Endgegner mit 2,54m geht in die Schweiz

Ist doch Hammer was hier gerade abgeht. Selbst Tags über bei meine Bootstouren auf dem Ebro werden Digge Fische gefangen. Dieser Endgegner mit 2,54m geht in die Schweiz was ein Gigant für meine zwei Schweizer Jungs. Der Fisch biss Mittags um genau 15.00 Uhr wie ich es ihnen versprochen hatte, tauchte die Pose um genau 15.00 Uhr ab. Der Drill diese Fisches war abartig und verlangte Stefan alles ab. Zum Glück gibt es die Taffi Tackle Unlimited Boot. Nach ca. 3 km Fluss ab konnte ich den Wels Giganten sicher landen und wir 3 waren mehr als Happy. 2,54m und geschätzte 100kg.

Petri von mir und " Nur Digge"

Euer Kalle

 

von Karlheinz Decker

Pro Endgegner mit 2,61m bei der Februar Vollmondtour

Tour der Giganten Ende Februar !!!

Und ein Traum ging für Michael Heinrich in Erfüllung mit 2,61m und 110 Kg. Michael der schon Jahre lang Stamm Gast im Welscamp Riba Roja ist und unzählige stunden mit seinen Kameraden am Ebro verbracht hatte, wurde nun bei der Vollmondtour mit "Extreme Ebrofishing" belohnt mit seinem  Pro Endgegner. Petri von mir Michael. 

Fazit von Michael:

Hallo Leute wir sind wieder zurück von unserer Tour der Extreme. Wir verbrachten 1 Woche draußen unter total verrückten Bedingungen. Die Anreise war sehr gut und schnell (13 Stunden). Übernachtung in einer Holzhütte vom Welscamp Spanien die uns Volker für kleines Geld zur Verfügung gestellt hat. Auf diesem Weg , Danke.

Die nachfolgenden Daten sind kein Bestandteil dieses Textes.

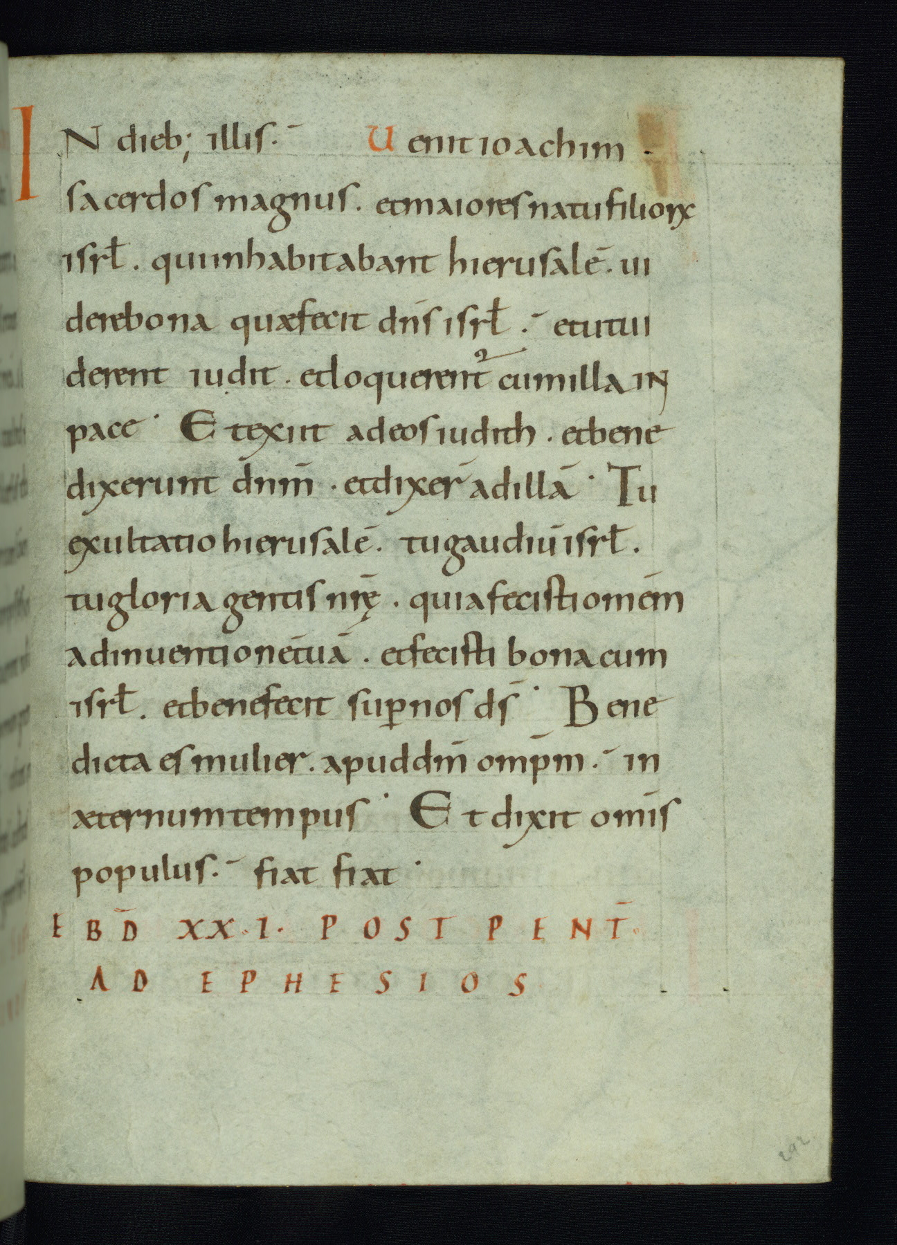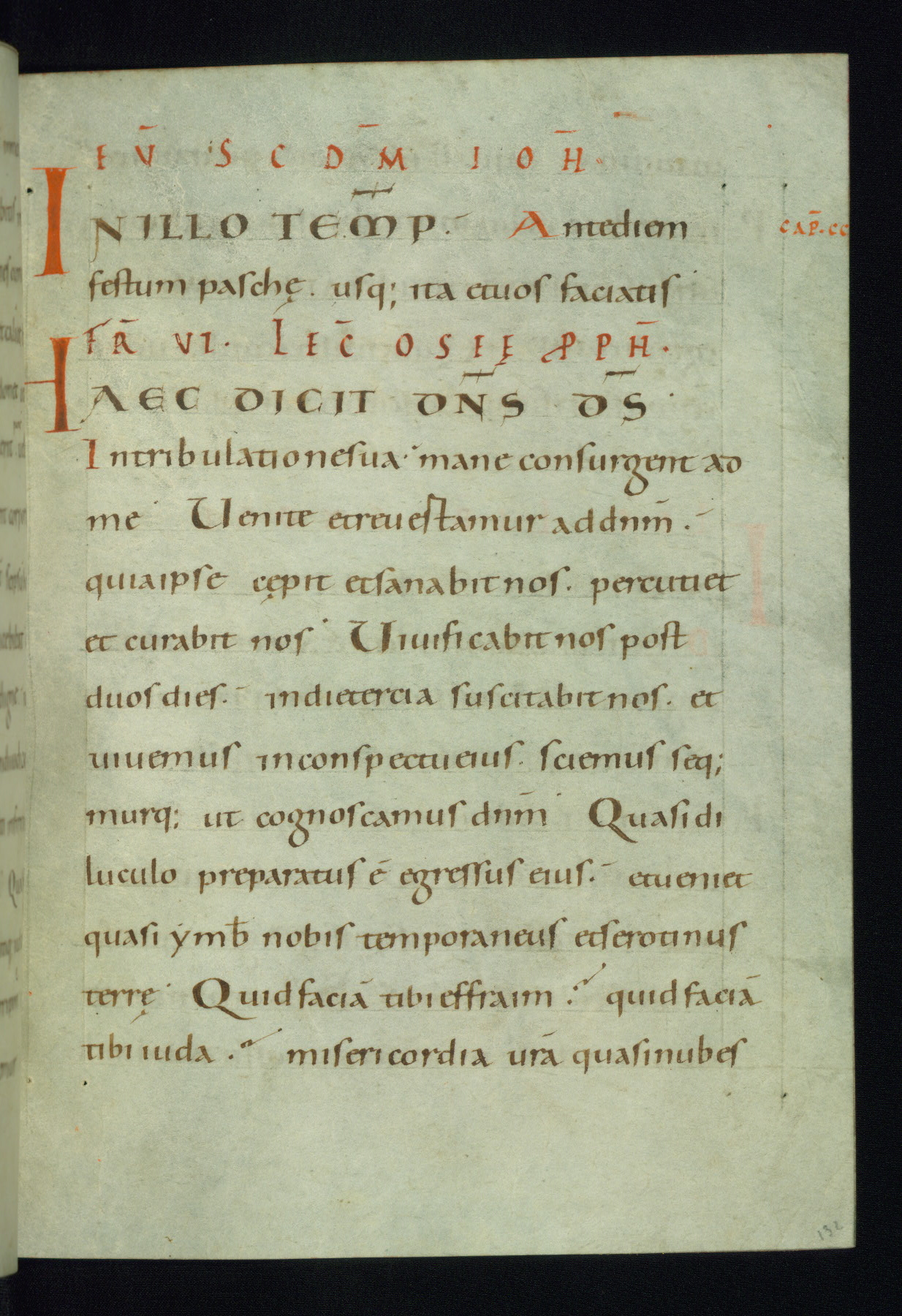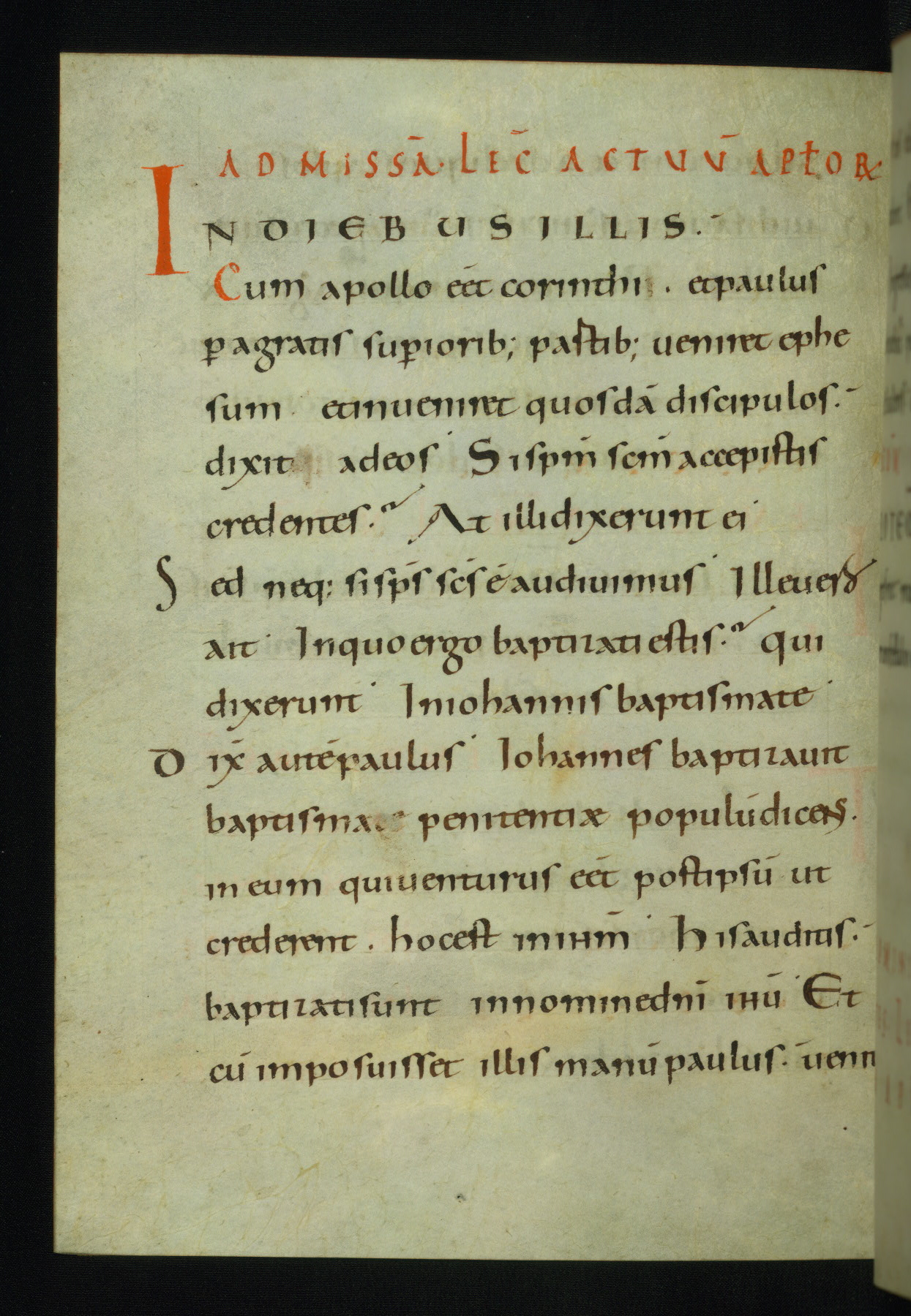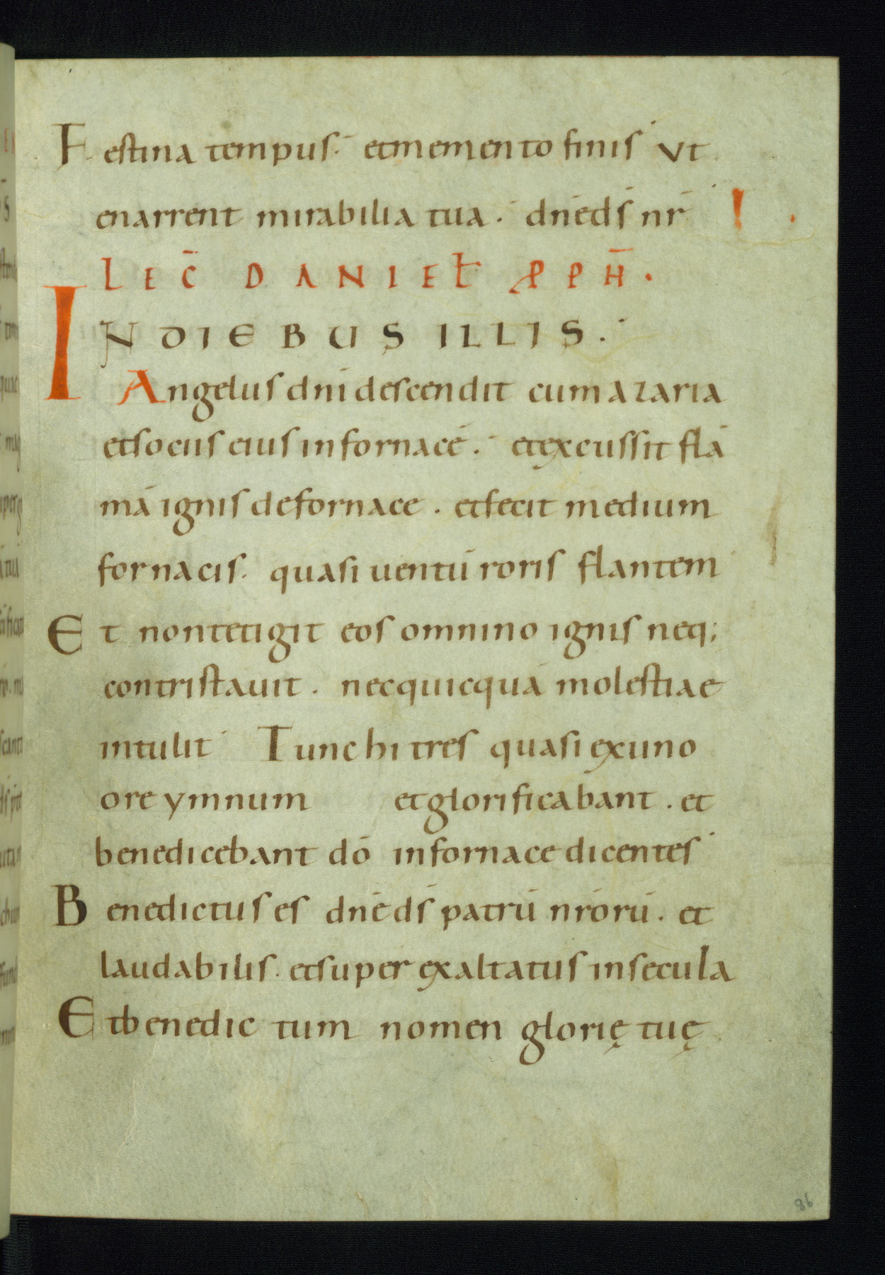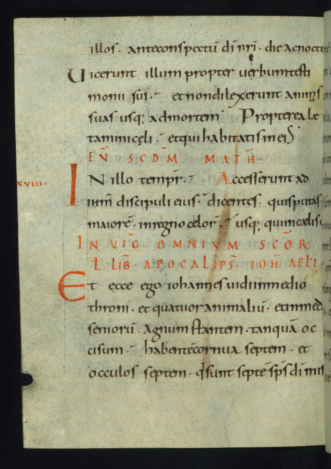 This Lectionary was created ca. 1000 in Trier. Written in a clear Caroline minuscule, it contains decorated initials at the openings of important readings. A set of illuminated letters marks the beginning of the Epistle and Gospel lessons for Easter; they display the hierarchy of scripts with capital letters decorated with gold leaf or drawn in red ink, followed by uncial and Caroline minuscule. Initials in orange, sometimes filled with gold, mark the divisions of the text. The book has been stylistically compared with Ottonian manuscripts, especially with a Psalter preserved in Trier (Stadtbibliothek, Ms. 7) illuminated by the so-called Master of the Registrum Gregorii.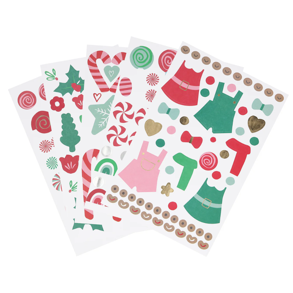 - Also included in the envelopes are yarn pompoms, a Merry Christmas silver star and 11 sheets of assorted stickers to decorate the scene with
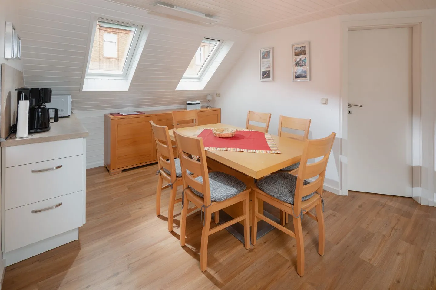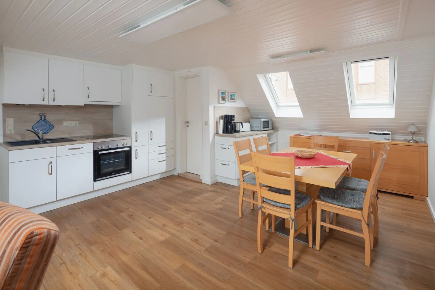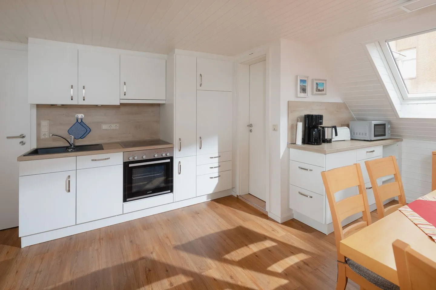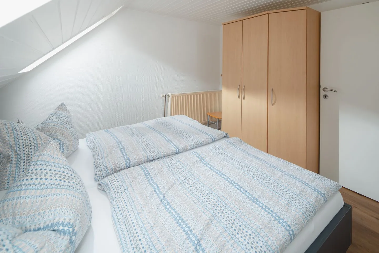 Die „Alte Schmiede“ bietet mit ihrer über 60 qm großen Wohnung Nummer 6 sehr großzügige Räumlichkeiten. Bis zu vier Personen genießen hier ein ausgesprochenes Wohlfühl-Ambiente, zu dem auch der sehr große Balkon beiträgt. Dieser ist natürlich durch den Wohnbereich zu erreichen, aber auch separat durch das zweite Schlafzimmer. Küche und Wohnbereich sind in der Wohnung 6 in einem Bereich, allerdings räumlich distanziert, arrangiert. So bleibt man in Verbindung, und doch wirkt jeder Funktionsbereich eigenständig. Das Bad verfügt über Dusche und WC. Die komplette Ausstattung aller Zimmer sei hier nur der Vollständigkeit halber erwähnt.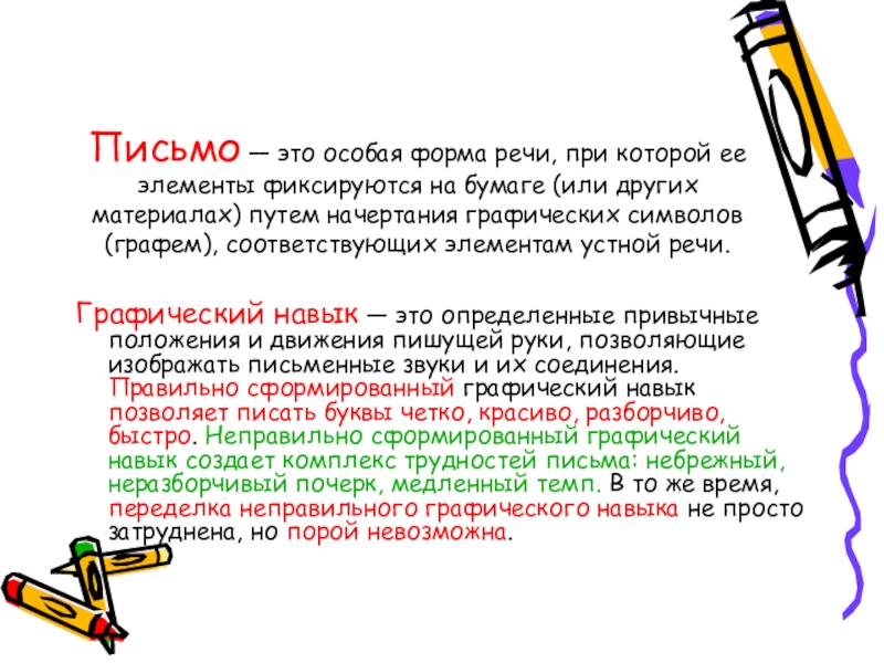 Графический навык — это определенные привычные положения и движения пишущей руки, позволяющие изображать письменные звуки и их соединения. Правильно сформированный графический навык позволяет писать буквы четко, красиво, разборчиво, быстро. Неправильно сформированный графический навык создает комплекс трудностей письма: небрежный, неразборчивый почерк, медленный темп. В то же время, переделка неправильного графического навыка не просто затруднена, но порой невозможна.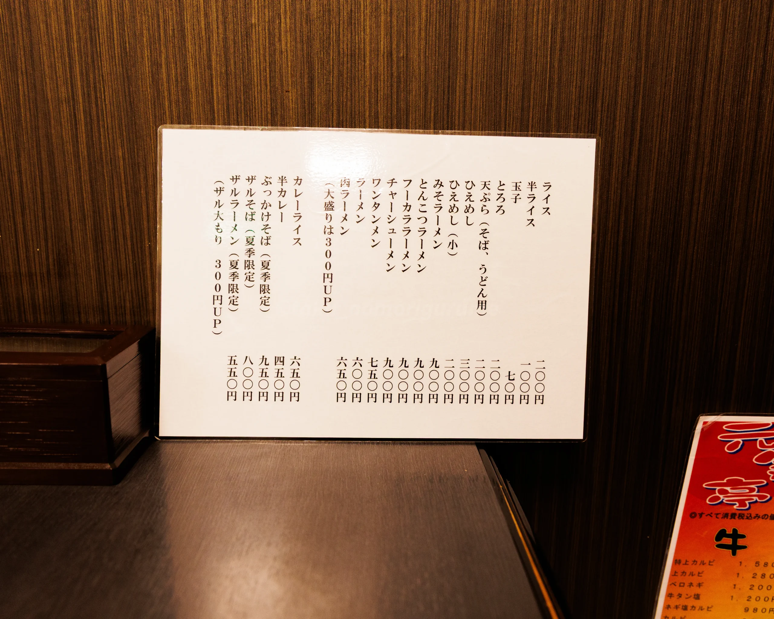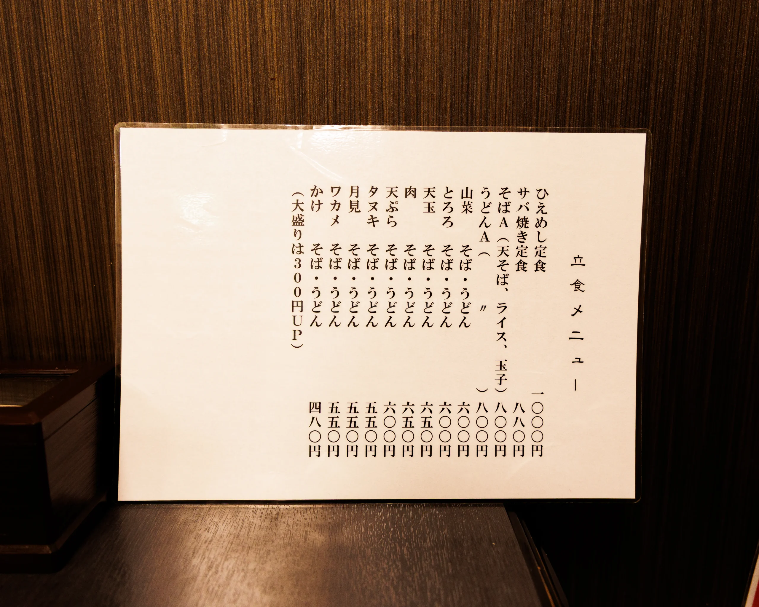 店内のメニュー(お食事処 立食(たちしょく))。

Ausgeschlafen trafen Wir uns mit unserem Guide Kalle Decker von "Extreme Ebrofishing" bei einem Frühstück bei Manfred an der Hütte. Nach eingehender Besprechung ging es zum Angelplatz und unser Camp wurde für die nächsten Tage aufgebaut.                                                                                                                                               

Kalle legte die Taffi Tackle Ruten aus und von nun an hieß es warten. Schwer zu schaffen machte uns der starke Wind (Sturm) und das Wasser das jeden Tag stieg. Da zum Schluss 5 Tore der Staumauer geöffnet waren, war die Strömung dementsprechend. Nachts kalt und am Tag konnte man es aushalten.

Den ersten einschlag erhielt Carsten in der ersten Nacht. Ein Bolle von 2,23m, was für ein Start. In der zweiten Nacht verlor Marco einen guten Fisch leider im Drill. Die Stimmung war gedrückt. Aber es sollte nicht lange andauern und Marco bekam seine zweite Chance und nutzte diese ein Top Fisch mit 2,28m wurde von Kalle gelandet. ( Neuer PB) Nach dieser Aufregung, kam die Sache erst richtig ins Rollen. Nach dem Marcos Fisch versorgt war und wir einen Tee getrunken hatten ging bei Tageslicht die nächste Rute Krumm. Unser Alterspräsident Bernd war an der Reihe. Nach 20 Minuten kehrte Er mit Kalle und Carsten vom Drill zurück, 2,45m konnten vermessen werden, was für eine Maschine Bravo Bernd.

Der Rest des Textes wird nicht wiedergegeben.